───── SOURCE INFORMATION ─────
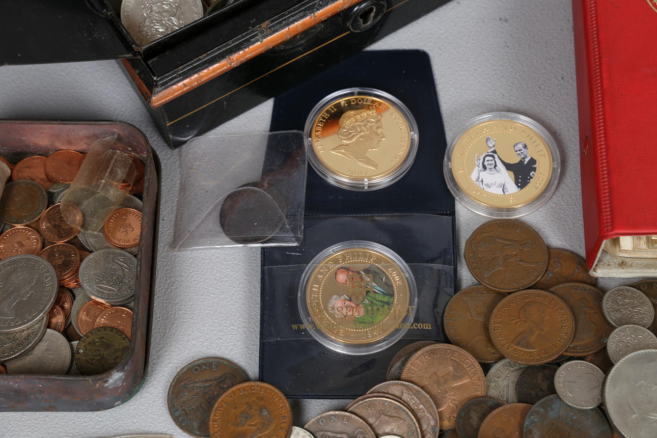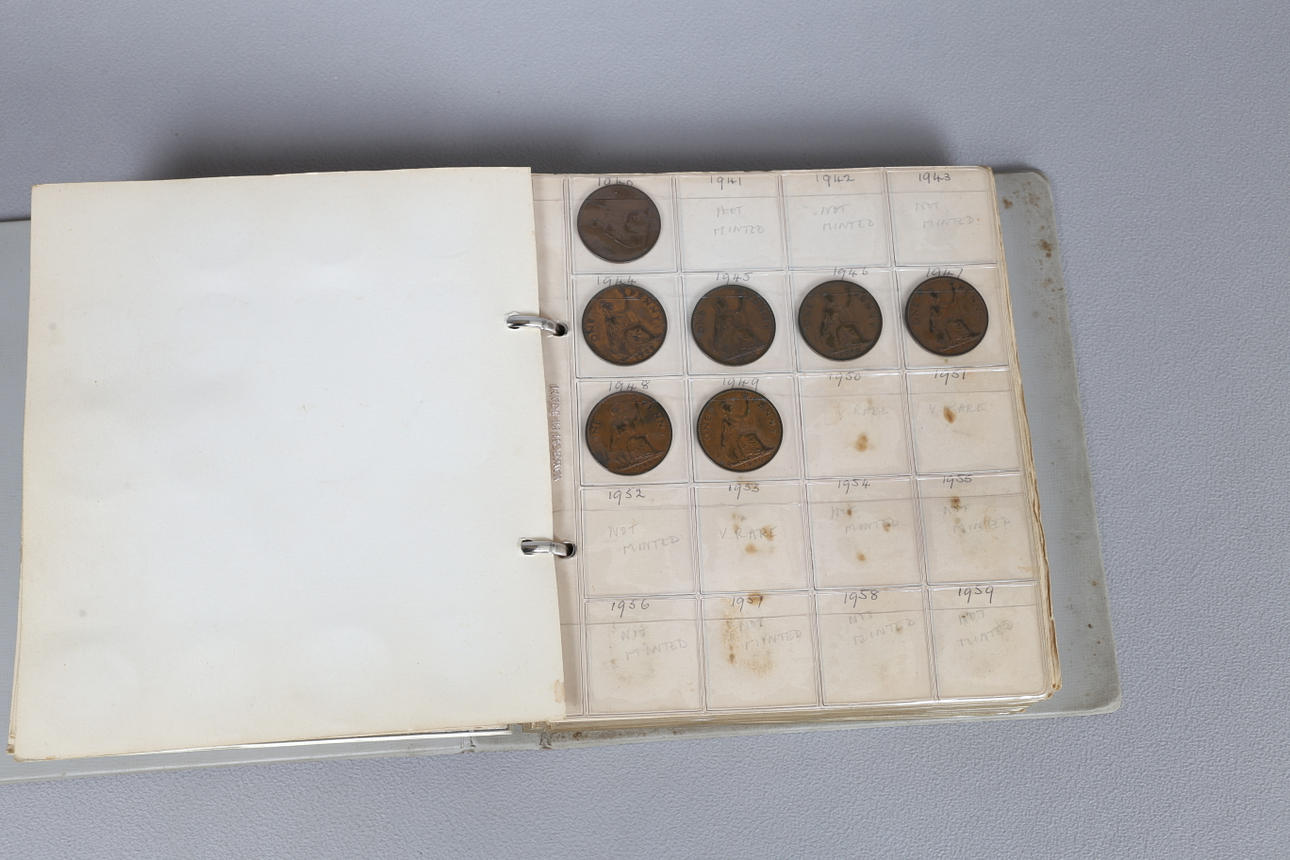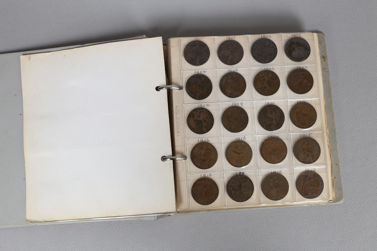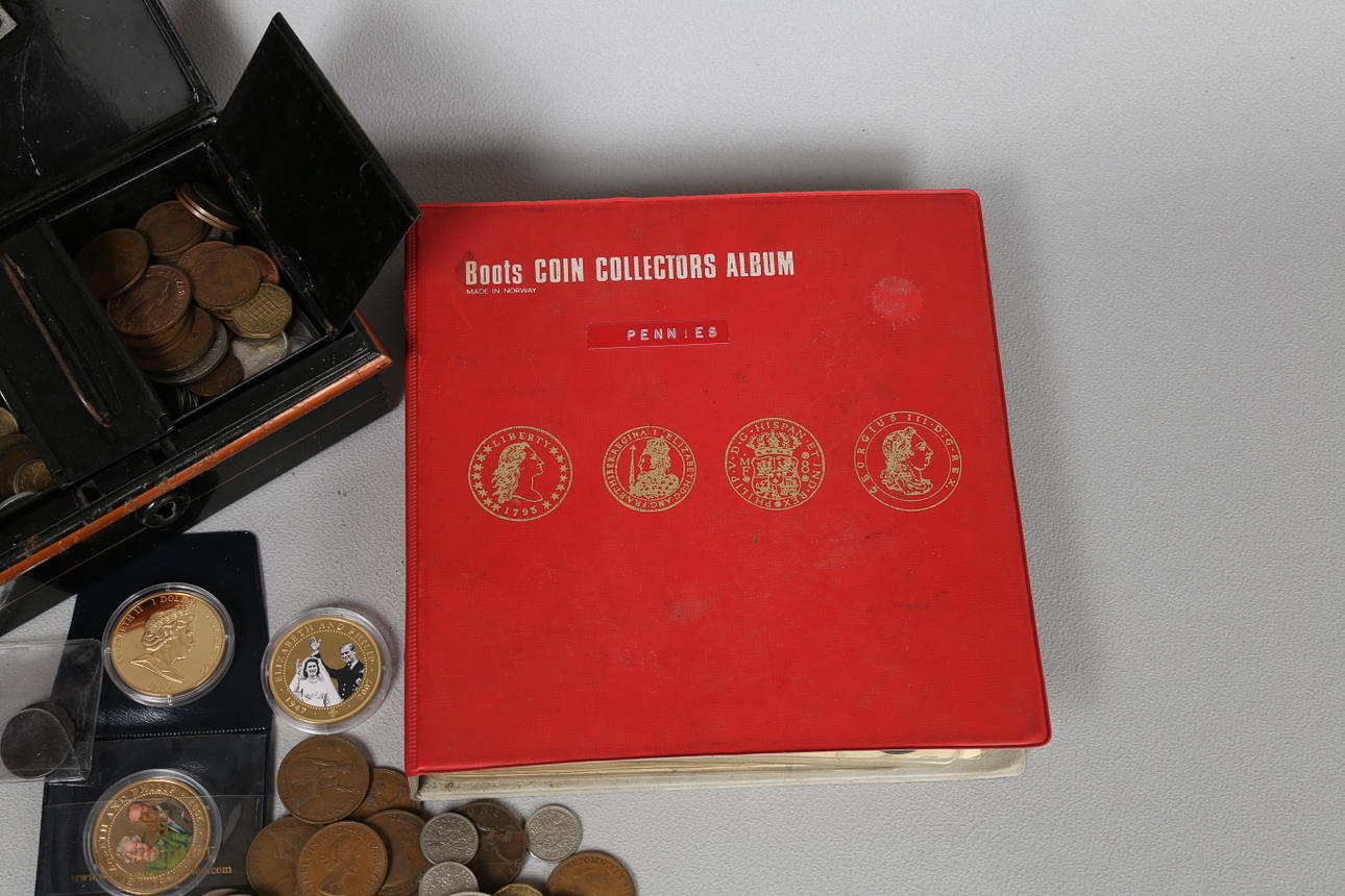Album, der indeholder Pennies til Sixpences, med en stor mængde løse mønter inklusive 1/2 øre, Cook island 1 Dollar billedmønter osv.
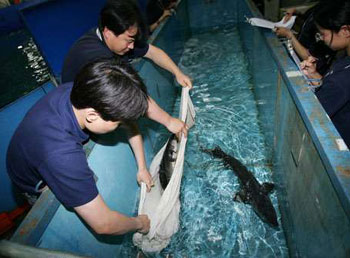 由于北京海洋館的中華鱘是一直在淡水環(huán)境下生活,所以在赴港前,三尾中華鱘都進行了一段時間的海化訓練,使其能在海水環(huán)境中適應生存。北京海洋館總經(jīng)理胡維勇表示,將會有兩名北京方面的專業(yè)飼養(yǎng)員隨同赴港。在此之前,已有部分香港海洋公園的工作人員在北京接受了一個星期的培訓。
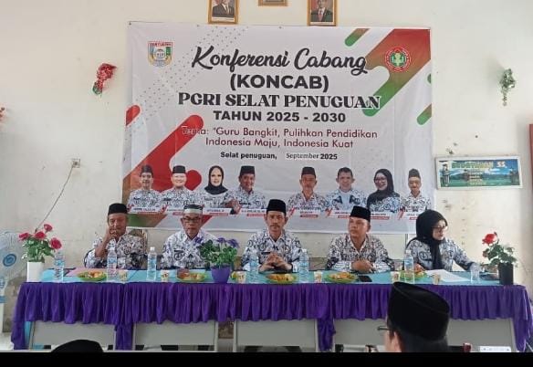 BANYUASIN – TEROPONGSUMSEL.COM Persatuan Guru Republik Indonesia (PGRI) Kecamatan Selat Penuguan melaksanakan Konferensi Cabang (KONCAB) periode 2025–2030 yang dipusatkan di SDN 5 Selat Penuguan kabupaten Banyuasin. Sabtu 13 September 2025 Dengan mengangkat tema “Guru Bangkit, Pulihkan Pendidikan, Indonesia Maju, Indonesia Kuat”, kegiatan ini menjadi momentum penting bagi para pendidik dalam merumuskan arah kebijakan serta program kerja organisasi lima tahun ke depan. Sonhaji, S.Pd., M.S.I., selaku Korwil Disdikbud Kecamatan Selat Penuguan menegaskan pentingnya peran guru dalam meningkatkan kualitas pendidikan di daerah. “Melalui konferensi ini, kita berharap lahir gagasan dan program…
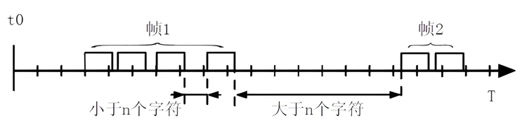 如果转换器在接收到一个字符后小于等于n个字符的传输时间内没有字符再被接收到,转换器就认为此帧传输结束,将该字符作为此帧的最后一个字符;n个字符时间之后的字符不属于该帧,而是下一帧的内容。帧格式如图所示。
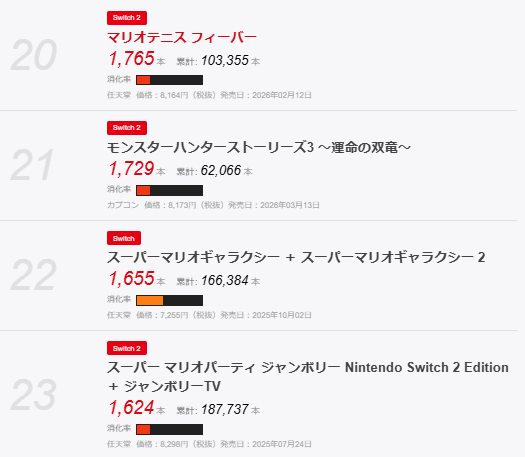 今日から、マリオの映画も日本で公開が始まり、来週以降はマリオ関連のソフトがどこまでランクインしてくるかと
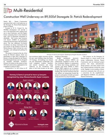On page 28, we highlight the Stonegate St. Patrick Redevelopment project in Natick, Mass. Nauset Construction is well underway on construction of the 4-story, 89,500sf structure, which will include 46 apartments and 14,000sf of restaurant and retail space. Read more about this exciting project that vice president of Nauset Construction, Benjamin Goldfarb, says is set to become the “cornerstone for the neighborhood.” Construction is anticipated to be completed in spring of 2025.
─────
Print all records word for word, no images.

--- SOLUTION FOR THIS TASK ---
Album, der indeholder Pennies til Sixpences, med en stor mængde løse mønter inklusive 1/2 øre, Cook island 1 Dollar billedmønter osv.
 由于北京海洋館的中華鱘是一直在淡水環(huán)境下生活,所以在赴港前,三尾中華鱘都進行了一段時間的海化訓練,使其能在海水環(huán)境中適應生存。北京海洋館總經(jīng)理胡維勇表示,將會有兩名北京方面的專業(yè)飼養(yǎng)員隨同赴港。在此之前,已有部分香港海洋公園的工作人員在北京接受了一個星期的培訓。
 BANYUASIN – TEROPONGSUMSEL.COM Persatuan Guru Republik Indonesia (PGRI) Kecamatan Selat Penuguan melaksanakan Konferensi Cabang (KONCAB) periode 2025–2030 yang dipusatkan di SDN 5 Selat Penuguan kabupaten Banyuasin. Sabtu 13 September 2025 Dengan mengangkat tema “Guru Bangkit, Pulihkan Pendidikan, Indonesia Maju, Indonesia Kuat”, kegiatan ini menjadi momentum penting bagi para pendidik dalam merumuskan arah kebijakan serta program kerja organisasi lima tahun ke depan. Sonhaji, S.Pd., M.S.I., selaku Korwil Disdikbud Kecamatan Selat Penuguan menegaskan pentingnya peran guru dalam meningkatkan kualitas pendidikan di daerah. “Melalui konferensi ini, kita berharap lahir gagasan dan program…
 如果转换器在接收到一个字符后小于等于n个字符的传输时间内没有字符再被接收到,转换器就认为此帧传输结束,将该字符作为此帧的最后一个字符;n个字符时间之后的字符不属于该帧,而是下一帧的内容。帧格式如图所示。
 今日から、マリオの映画も日本で公開が始まり、来週以降はマリオ関連のソフトがどこまでランクインしてくるかと
On page 28, we highlight the Stonegate St. Patrick Redevelopment project in Natick, Mass. Nauset Construction is well underway on construction of the 4-story, 89,500sf structure, which will include 46 apartments and 14,000sf of restaurant and retail space. Read more about this exciting project that vice president of Nauset Construction, Benjamin Goldfarb, says is set to become the “cornerstone for the neighborhood.” Construction is anticipated to be completed in spring of 2025.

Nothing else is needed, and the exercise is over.